(Dataset records)
++++++++

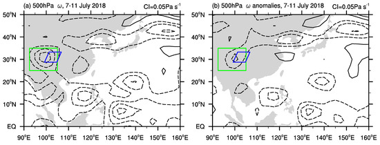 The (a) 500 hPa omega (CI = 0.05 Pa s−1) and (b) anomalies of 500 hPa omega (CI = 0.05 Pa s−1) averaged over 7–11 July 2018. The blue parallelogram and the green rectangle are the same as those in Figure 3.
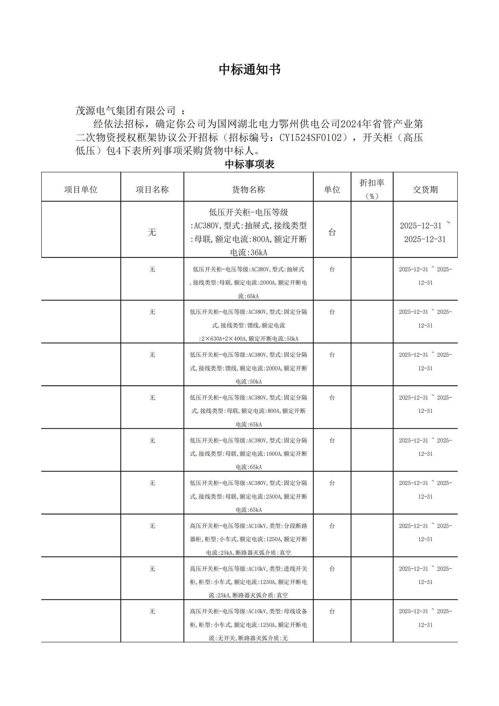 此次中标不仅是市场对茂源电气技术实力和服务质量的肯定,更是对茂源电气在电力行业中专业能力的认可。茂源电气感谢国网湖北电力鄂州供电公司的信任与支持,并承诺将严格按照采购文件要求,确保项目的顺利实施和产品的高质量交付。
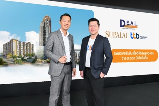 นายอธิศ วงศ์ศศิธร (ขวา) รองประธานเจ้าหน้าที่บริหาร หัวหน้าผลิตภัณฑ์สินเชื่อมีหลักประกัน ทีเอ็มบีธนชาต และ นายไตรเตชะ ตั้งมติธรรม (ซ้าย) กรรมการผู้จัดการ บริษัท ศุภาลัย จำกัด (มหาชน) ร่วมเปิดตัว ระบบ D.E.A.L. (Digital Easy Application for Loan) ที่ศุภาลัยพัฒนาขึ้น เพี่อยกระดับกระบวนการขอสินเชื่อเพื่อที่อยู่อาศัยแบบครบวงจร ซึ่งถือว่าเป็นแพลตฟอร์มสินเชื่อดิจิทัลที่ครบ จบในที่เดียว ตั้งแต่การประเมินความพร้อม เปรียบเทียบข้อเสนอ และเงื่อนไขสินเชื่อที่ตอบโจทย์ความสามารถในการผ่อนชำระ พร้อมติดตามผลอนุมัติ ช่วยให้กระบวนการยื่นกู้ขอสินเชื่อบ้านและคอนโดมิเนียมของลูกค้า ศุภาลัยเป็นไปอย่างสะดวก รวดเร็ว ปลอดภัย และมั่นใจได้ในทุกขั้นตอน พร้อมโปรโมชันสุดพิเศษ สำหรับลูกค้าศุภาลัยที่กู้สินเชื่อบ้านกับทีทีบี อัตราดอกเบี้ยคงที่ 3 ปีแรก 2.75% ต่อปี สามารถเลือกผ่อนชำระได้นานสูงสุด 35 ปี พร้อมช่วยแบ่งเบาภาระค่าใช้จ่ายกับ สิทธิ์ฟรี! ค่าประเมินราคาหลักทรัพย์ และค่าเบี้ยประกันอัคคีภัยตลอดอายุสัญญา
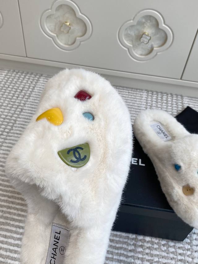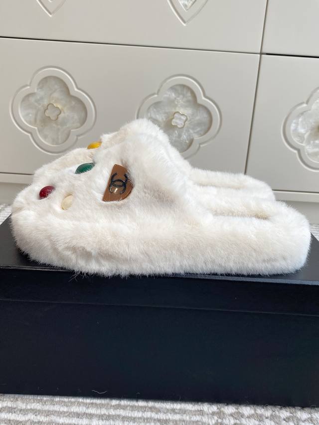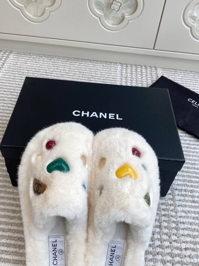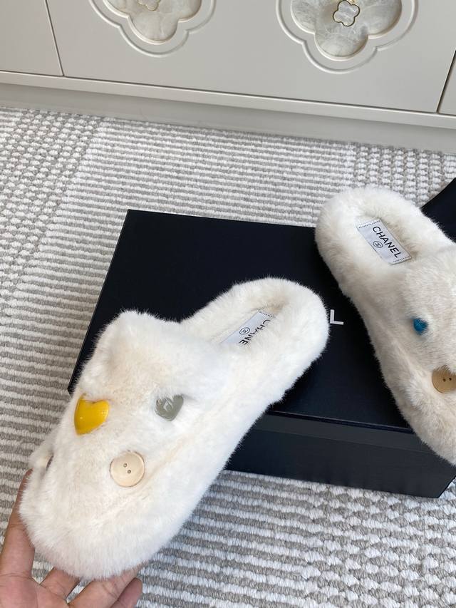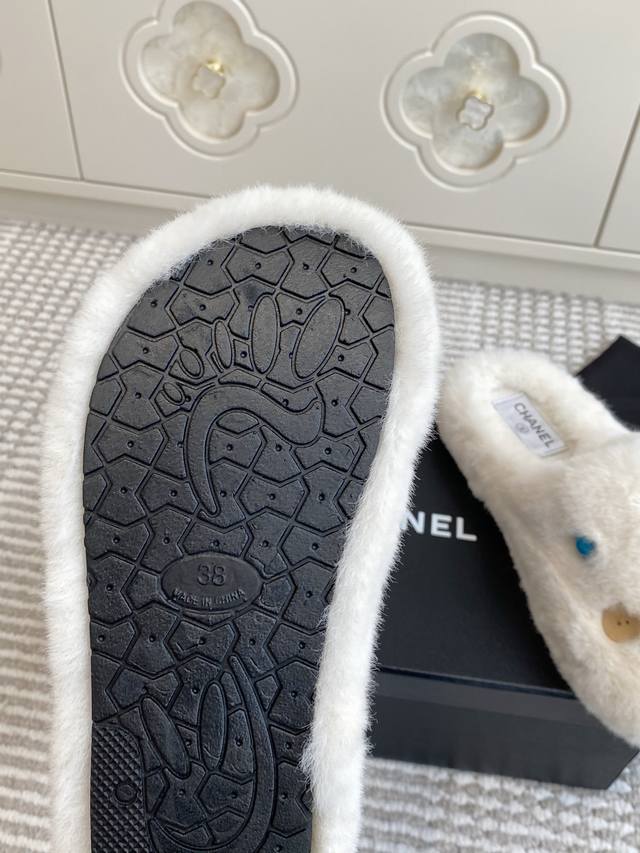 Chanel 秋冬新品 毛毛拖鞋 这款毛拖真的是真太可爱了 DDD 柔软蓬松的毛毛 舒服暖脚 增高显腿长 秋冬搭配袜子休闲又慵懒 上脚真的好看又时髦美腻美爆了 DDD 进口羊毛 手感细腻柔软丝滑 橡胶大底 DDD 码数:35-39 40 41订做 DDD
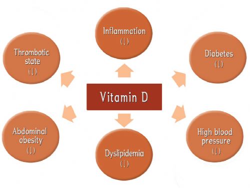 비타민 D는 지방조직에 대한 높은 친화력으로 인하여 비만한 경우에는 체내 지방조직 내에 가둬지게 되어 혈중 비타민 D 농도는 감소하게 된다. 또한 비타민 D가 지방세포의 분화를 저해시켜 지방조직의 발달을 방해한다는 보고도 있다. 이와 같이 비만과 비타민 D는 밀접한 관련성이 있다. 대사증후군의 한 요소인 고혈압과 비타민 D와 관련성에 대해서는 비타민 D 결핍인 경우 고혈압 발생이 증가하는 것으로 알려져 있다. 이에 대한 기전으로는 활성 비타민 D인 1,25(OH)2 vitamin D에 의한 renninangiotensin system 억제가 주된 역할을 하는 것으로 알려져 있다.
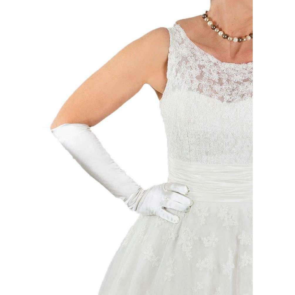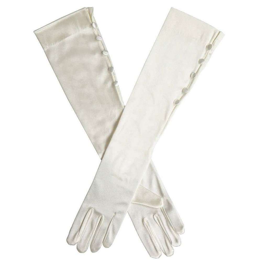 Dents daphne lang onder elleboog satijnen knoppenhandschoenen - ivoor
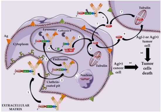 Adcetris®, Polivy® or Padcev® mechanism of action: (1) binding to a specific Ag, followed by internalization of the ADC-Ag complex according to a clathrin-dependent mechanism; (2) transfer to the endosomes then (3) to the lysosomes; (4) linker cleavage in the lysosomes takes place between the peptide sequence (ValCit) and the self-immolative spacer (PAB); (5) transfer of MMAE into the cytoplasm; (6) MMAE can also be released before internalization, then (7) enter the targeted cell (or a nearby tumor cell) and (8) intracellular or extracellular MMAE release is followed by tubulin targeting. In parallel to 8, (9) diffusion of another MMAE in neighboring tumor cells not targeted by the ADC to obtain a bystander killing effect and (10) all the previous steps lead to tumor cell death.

++++++++

Assignment
Reproduce nothing but the lines running from the line with "비타민 D는 지방조직에" through the end of the records, keeping both end lines and dropping the pictures.

Result below
 비타민 D는 지방조직에 대한 높은 친화력으로 인하여 비만한 경우에는 체내 지방조직 내에 가둬지게 되어 혈중 비타민 D 농도는 감소하게 된다. 또한 비타민 D가 지방세포의 분화를 저해시켜 지방조직의 발달을 방해한다는 보고도 있다. 이와 같이 비만과 비타민 D는 밀접한 관련성이 있다. 대사증후군의 한 요소인 고혈압과 비타민 D와 관련성에 대해서는 비타민 D 결핍인 경우 고혈압 발생이 증가하는 것으로 알려져 있다. 이에 대한 기전으로는 활성 비타민 D인 1,25(OH)2 vitamin D에 의한 renninangiotensin system 억제가 주된 역할을 하는 것으로 알려져 있다.
 Dents daphne lang onder elleboog satijnen knoppenhandschoenen - ivoor
 Adcetris®, Polivy® or Padcev® mechanism of action: (1) binding to a specific Ag, followed by internalization of the ADC-Ag complex according to a clathrin-dependent mechanism; (2) transfer to the endosomes then (3) to the lysosomes; (4) linker cleavage in the lysosomes takes place between the peptide sequence (ValCit) and the self-immolative spacer (PAB); (5) transfer of MMAE into the cytoplasm; (6) MMAE can also be released before internalization, then (7) enter the targeted cell (or a nearby tumor cell) and (8) intracellular or extracellular MMAE release is followed by tubulin targeting. In parallel to 8, (9) diffusion of another MMAE in neighboring tumor cells not targeted by the ADC to obtain a bystander killing effect and (10) all the previous steps lead to tumor cell death.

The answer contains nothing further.